▶ _EXERCISE_: Below are records with pictures in them. Output exactly the lines from the one with "Купить её можно" through the one with "Сумка мужская SHVIGEL", both included, and leave every picture out; give only those lines.

▶ _INPUT RECORDS_:
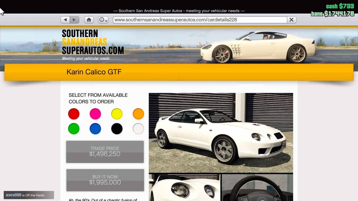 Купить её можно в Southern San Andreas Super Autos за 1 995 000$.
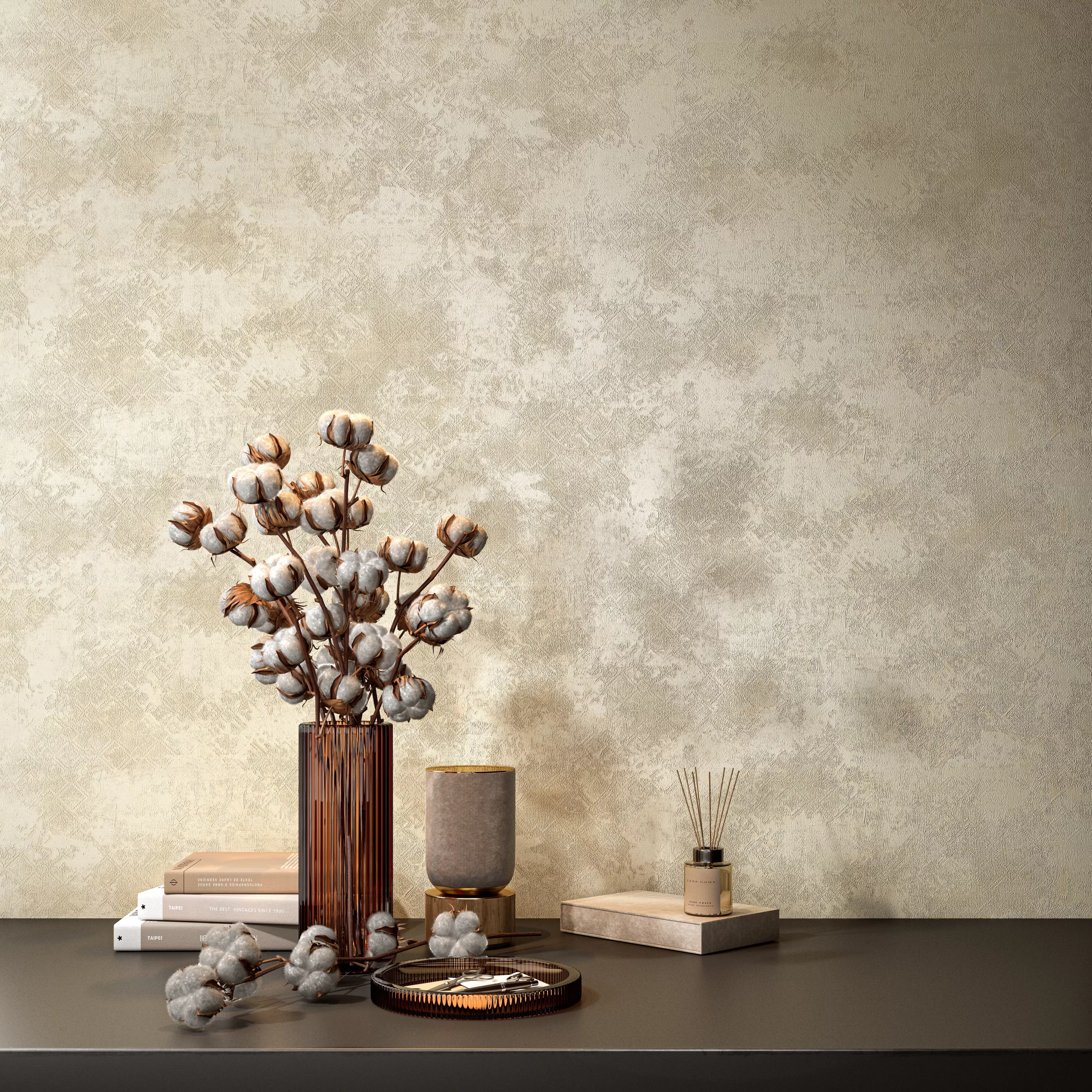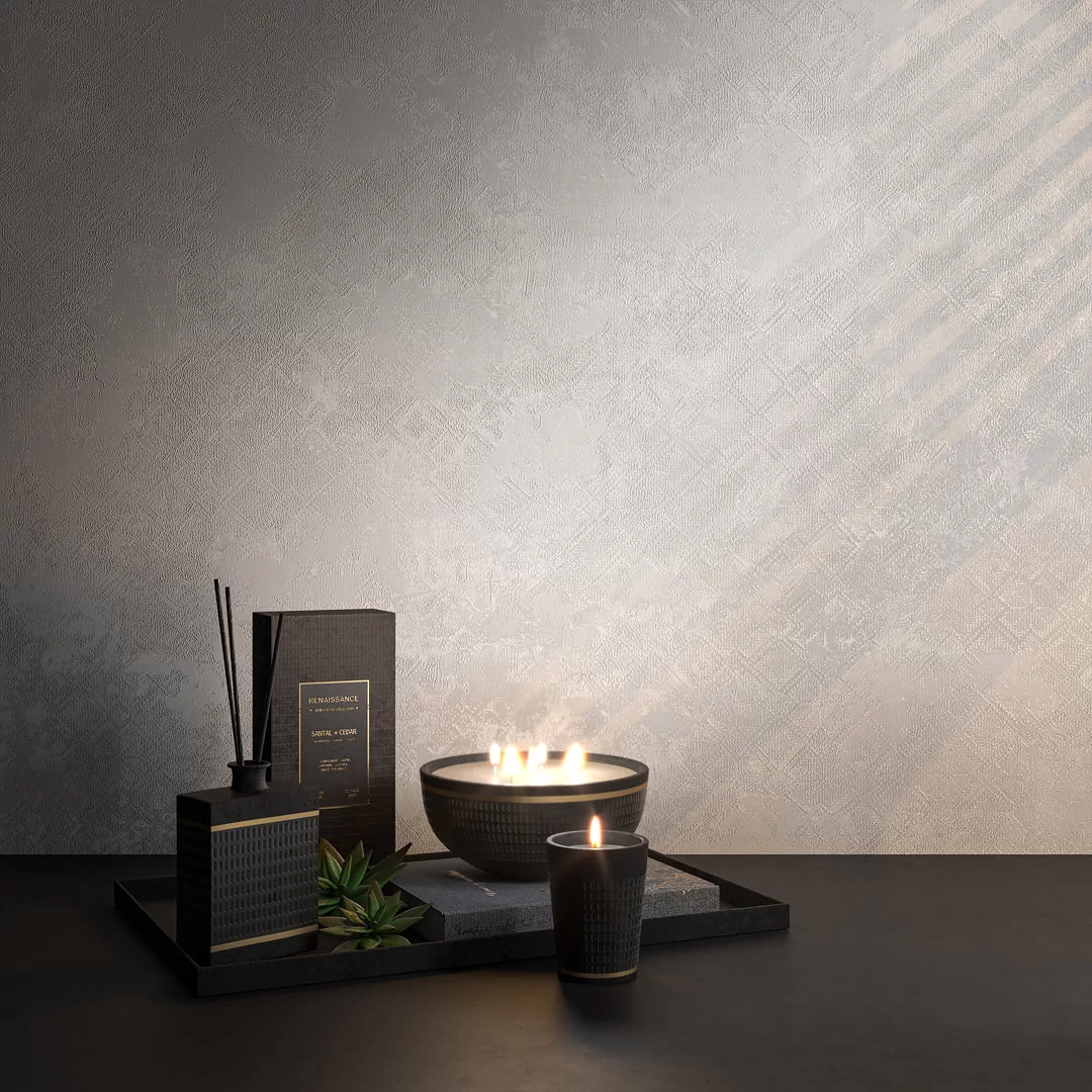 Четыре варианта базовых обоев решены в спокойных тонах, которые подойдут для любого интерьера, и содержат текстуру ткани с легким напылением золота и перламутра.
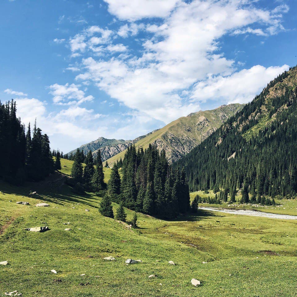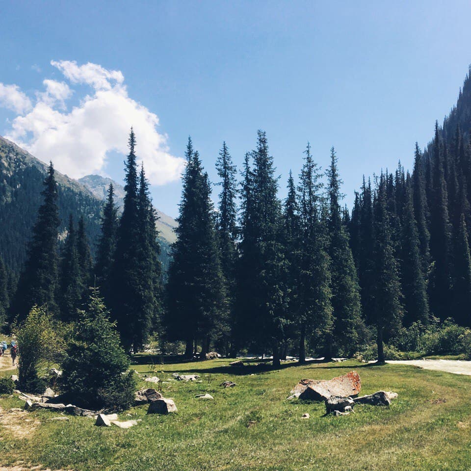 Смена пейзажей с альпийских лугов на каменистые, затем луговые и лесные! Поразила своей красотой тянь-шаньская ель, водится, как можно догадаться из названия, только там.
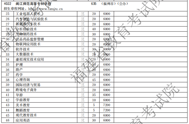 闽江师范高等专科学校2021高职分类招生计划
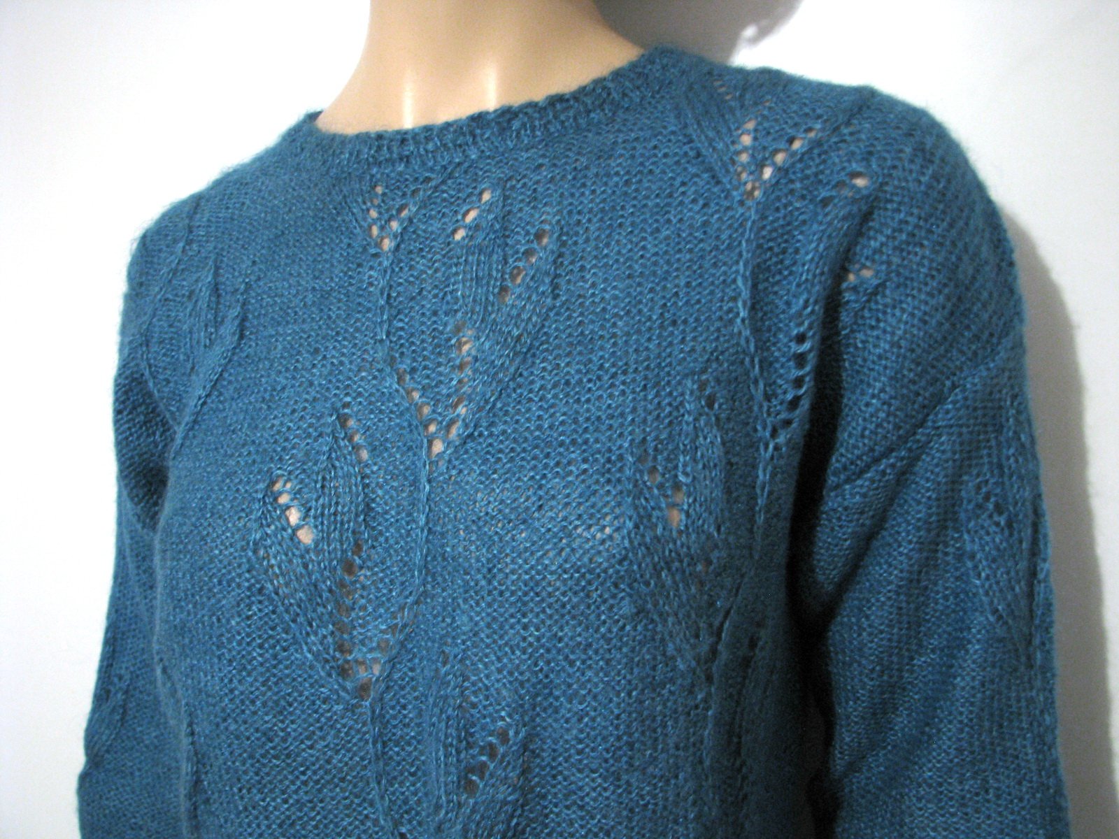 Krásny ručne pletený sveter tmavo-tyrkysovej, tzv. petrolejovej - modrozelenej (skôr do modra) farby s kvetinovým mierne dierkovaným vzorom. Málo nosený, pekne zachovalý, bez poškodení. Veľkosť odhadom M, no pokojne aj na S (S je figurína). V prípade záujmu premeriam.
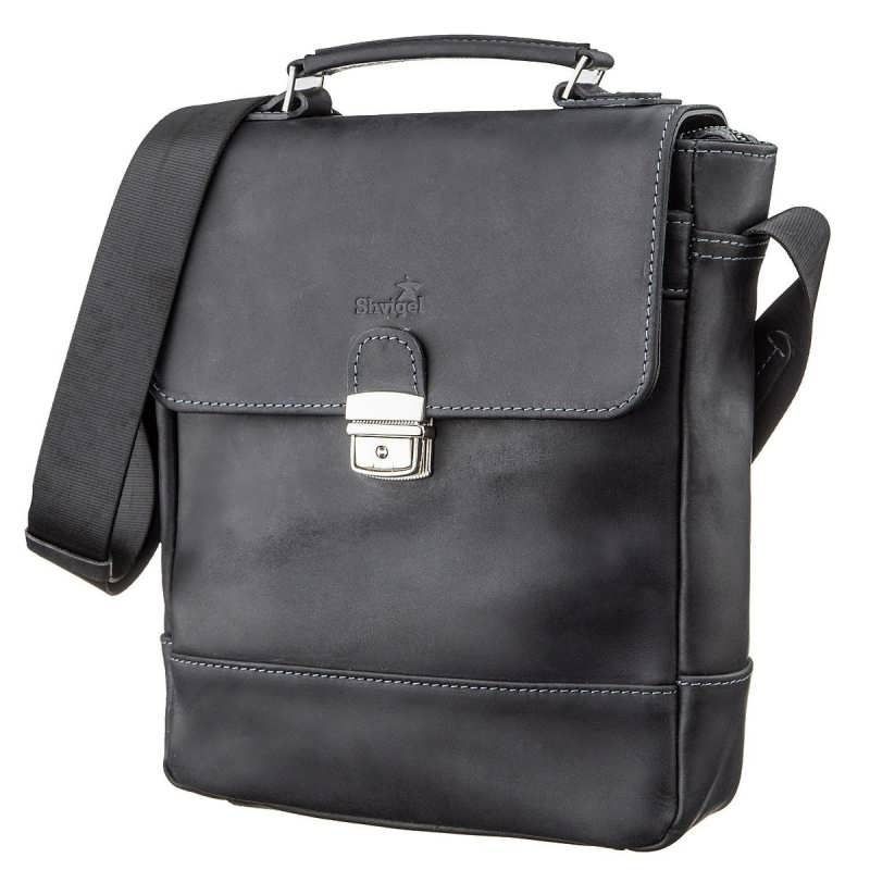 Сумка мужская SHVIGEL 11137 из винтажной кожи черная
--
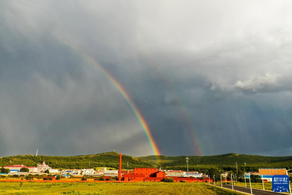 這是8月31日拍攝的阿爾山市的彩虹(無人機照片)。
--
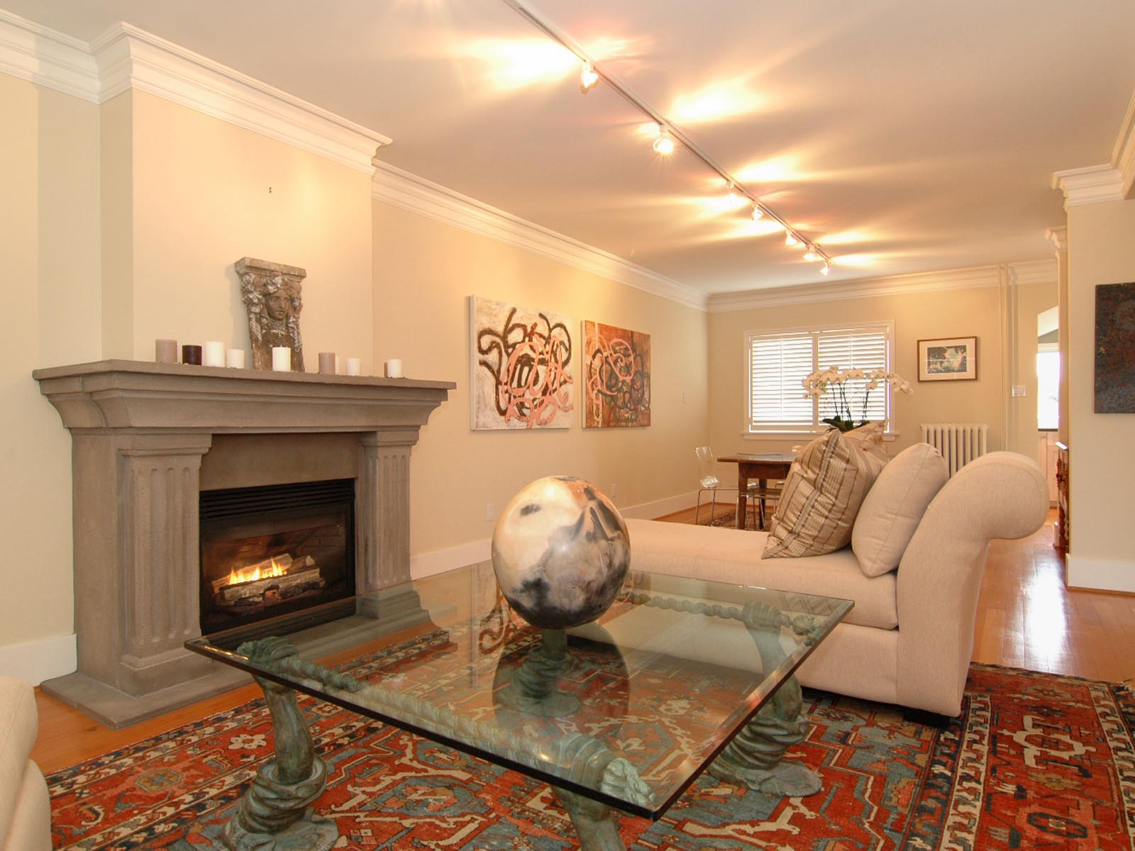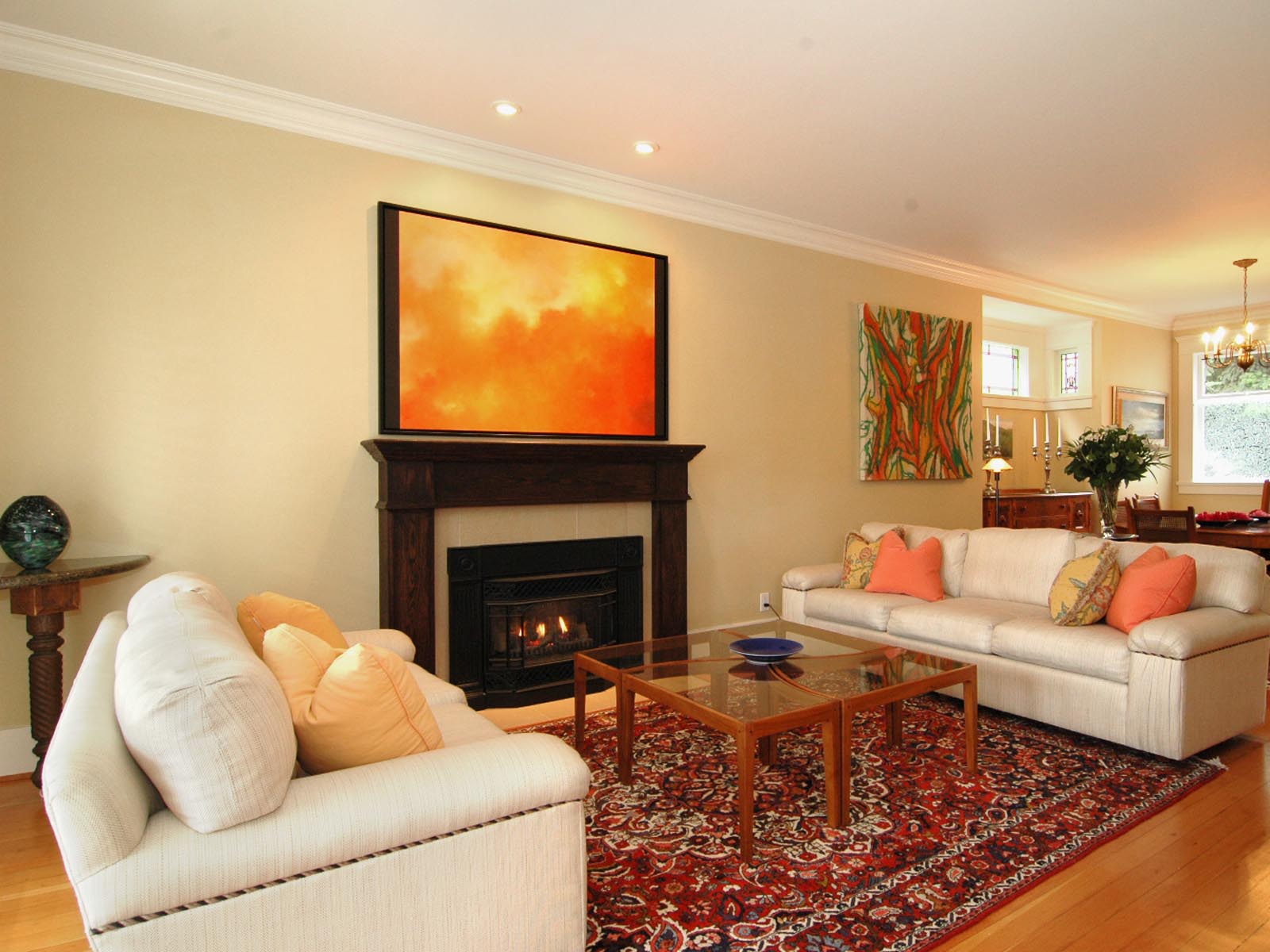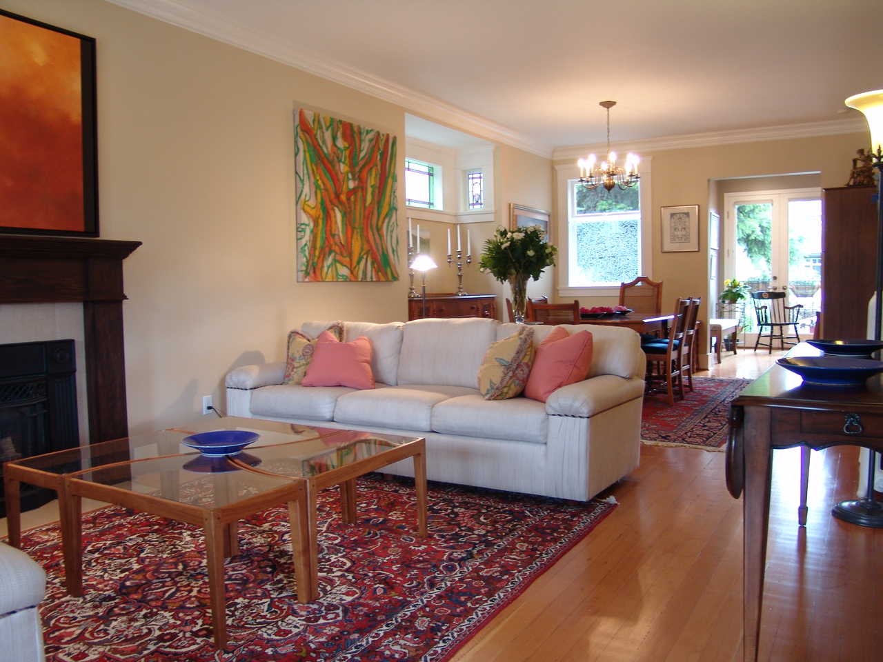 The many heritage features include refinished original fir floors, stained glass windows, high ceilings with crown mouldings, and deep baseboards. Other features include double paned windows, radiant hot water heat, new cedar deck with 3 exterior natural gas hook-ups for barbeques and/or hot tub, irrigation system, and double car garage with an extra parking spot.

▶ _REPLY_:
 Купить её можно в Southern San Andreas Super Autos за 1 995 000$.
 Четыре варианта базовых обоев решены в спокойных тонах, которые подойдут для любого интерьера, и содержат текстуру ткани с легким напылением золота и перламутра.
 Смена пейзажей с альпийских лугов на каменистые, затем луговые и лесные! Поразила своей красотой тянь-шаньская ель, водится, как можно догадаться из названия, только там.
 闽江师范高等专科学校2021高职分类招生计划
 Krásny ručne pletený sveter tmavo-tyrkysovej, tzv. petrolejovej - modrozelenej (skôr do modra) farby s kvetinovým mierne dierkovaným vzorom. Málo nosený, pekne zachovalý, bez poškodení. Veľkosť odhadom M, no pokojne aj na S (S je figurína). V prípade záujmu premeriam.
 Сумка мужская SHVIGEL 11137 из винтажной кожи черная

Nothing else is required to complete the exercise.